(Data block begins)

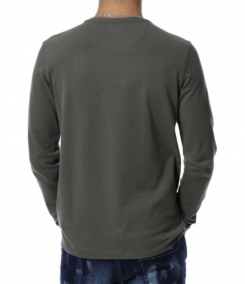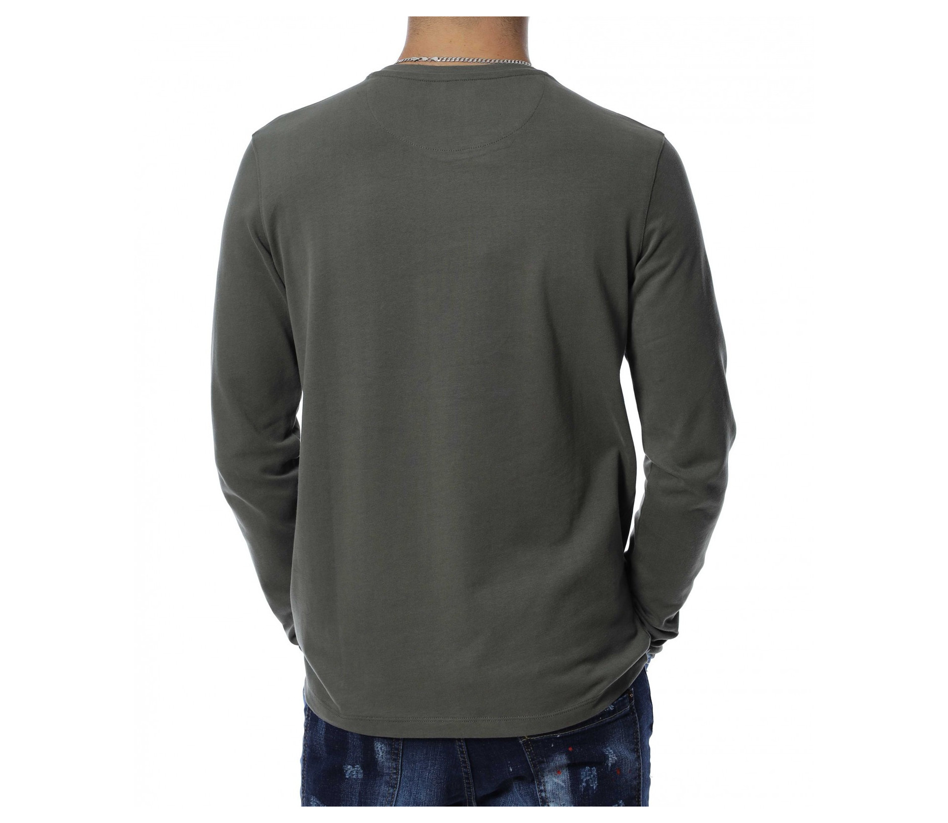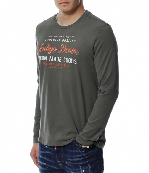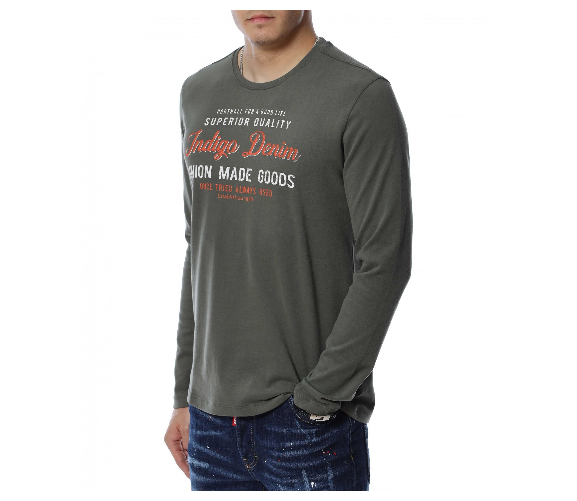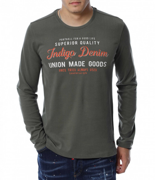 Мъжка блуза с дълъг ръкав. Основата е в едноцветен вариант, а в предната част забелязваме цветни надписи в различен шрифт \"Indigo Denim\" На раменете са позиционирани удебелени шевове, а деколтето е овално. Кройката следва линиите на тялото, а гърбът е в напълно изчистен вариант, за да може акцентът да падне отпред. Комбинирайте с дънки, панталон, кецове, удобни обувки и любим аксесоар.
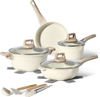 JUST PERFECTO HOUSEHOLD APPLIANCES JUST PERFECTO 12 Delige Pannenset Inductie - Beige Pannenset Met Deksel Voor Gas en Inductie - PFAS vrij - Koudgrepen - Pannendeksels
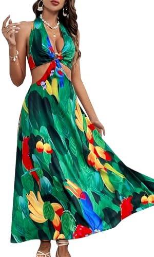 This captivating dress features a sexy V-neckline with a halter design and a chic tie at the back, making it perfect for warm summer days. The eye-catching cut-out at the waist adds a distinctive touch, enhancing your silhouette while maintaining comfort. Crafted from a blend of 95% polyester and 5% spandex, it ensures a flattering fit without compromising on movement, making it an ideal choice for beach outings or summer parties. The dress showcases a vibrant tropical pattern that resonates with vacation vibes, making it a choice accessory for your holiday wardrobe.
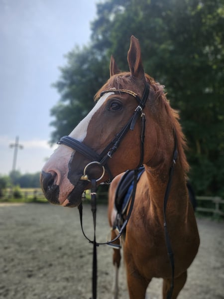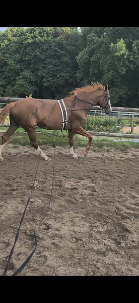 Hallo Wir geben unsere Stute Sunny wenn alles zu 1Tausend Prozent passt ab. Sie ist 2014 geboren und 1,69cm groß. Kein Anfängerpferd, wird nicht an Händler abgegeben und auch nicht an Züchter die Jährlich ein Fohlen wollen! Sie hat gute Papiere und hatte selber ein Fohlen. Sie ist wirklich toll zu reiten, sie kann einige Dressurlektionen. Sie hatte 2022 einen Fesselträgerschaden der ausgeheilt ist, dadurch darf sie nicht mehr gesprungen werden ist jedoch Dressurmäßig voll belast bar. Im Gelände ist sie wenn man reiten kann, ein richtiges Spaß Pferd. Kinder kann man geführt und an der Longe drauf setzen. Bei der Bodenarbeit ist sie ein absoluter Traum, sie ist sehr sensibel und reagiert auf alles was man macht und von ihr möchte. Freiarbeit, Doppellonge, Longe, Spazieren, Joggen, Handpferdereiten alles mit links. Bevorzugt würden wir sie in eine Offenstallhaltung geben aber aufkeinenfall in eine reine Boxenhaltung ohne ganztägigen Paddockgang. Bei Interesse gerne melden.

(Data block ends)

Exercise prompt. Write every line above out again exactly; pictures do not belong in the copy.

Finished exercise.
 Мъжка блуза с дълъг ръкав. Основата е в едноцветен вариант, а в предната част забелязваме цветни надписи в различен шрифт \"Indigo Denim\" На раменете са позиционирани удебелени шевове, а деколтето е овално. Кройката следва линиите на тялото, а гърбът е в напълно изчистен вариант, за да може акцентът да падне отпред. Комбинирайте с дънки, панталон, кецове, удобни обувки и любим аксесоар.
 JUST PERFECTO HOUSEHOLD APPLIANCES JUST PERFECTO 12 Delige Pannenset Inductie - Beige Pannenset Met Deksel Voor Gas en Inductie - PFAS vrij - Koudgrepen - Pannendeksels
 This captivating dress features a sexy V-neckline with a halter design and a chic tie at the back, making it perfect for warm summer days. The eye-catching cut-out at the waist adds a distinctive touch, enhancing your silhouette while maintaining comfort. Crafted from a blend of 95% polyester and 5% spandex, it ensures a flattering fit without compromising on movement, making it an ideal choice for beach outings or summer parties. The dress showcases a vibrant tropical pattern that resonates with vacation vibes, making it a choice accessory for your holiday wardrobe.
 Hallo Wir geben unsere Stute Sunny wenn alles zu 1Tausend Prozent passt ab. Sie ist 2014 geboren und 1,69cm groß. Kein Anfängerpferd, wird nicht an Händler abgegeben und auch nicht an Züchter die Jährlich ein Fohlen wollen! Sie hat gute Papiere und hatte selber ein Fohlen. Sie ist wirklich toll zu reiten, sie kann einige Dressurlektionen. Sie hatte 2022 einen Fesselträgerschaden der ausgeheilt ist, dadurch darf sie nicht mehr gesprungen werden ist jedoch Dressurmäßig voll belast bar. Im Gelände ist sie wenn man reiten kann, ein richtiges Spaß Pferd. Kinder kann man geführt und an der Longe drauf setzen. Bei der Bodenarbeit ist sie ein absoluter Traum, sie ist sehr sensibel und reagiert auf alles was man macht und von ihr möchte. Freiarbeit, Doppellonge, Longe, Spazieren, Joggen, Handpferdereiten alles mit links. Bevorzugt würden wir sie in eine Offenstallhaltung geben aber aufkeinenfall in eine reine Boxenhaltung ohne ganztägigen Paddockgang. Bei Interesse gerne melden.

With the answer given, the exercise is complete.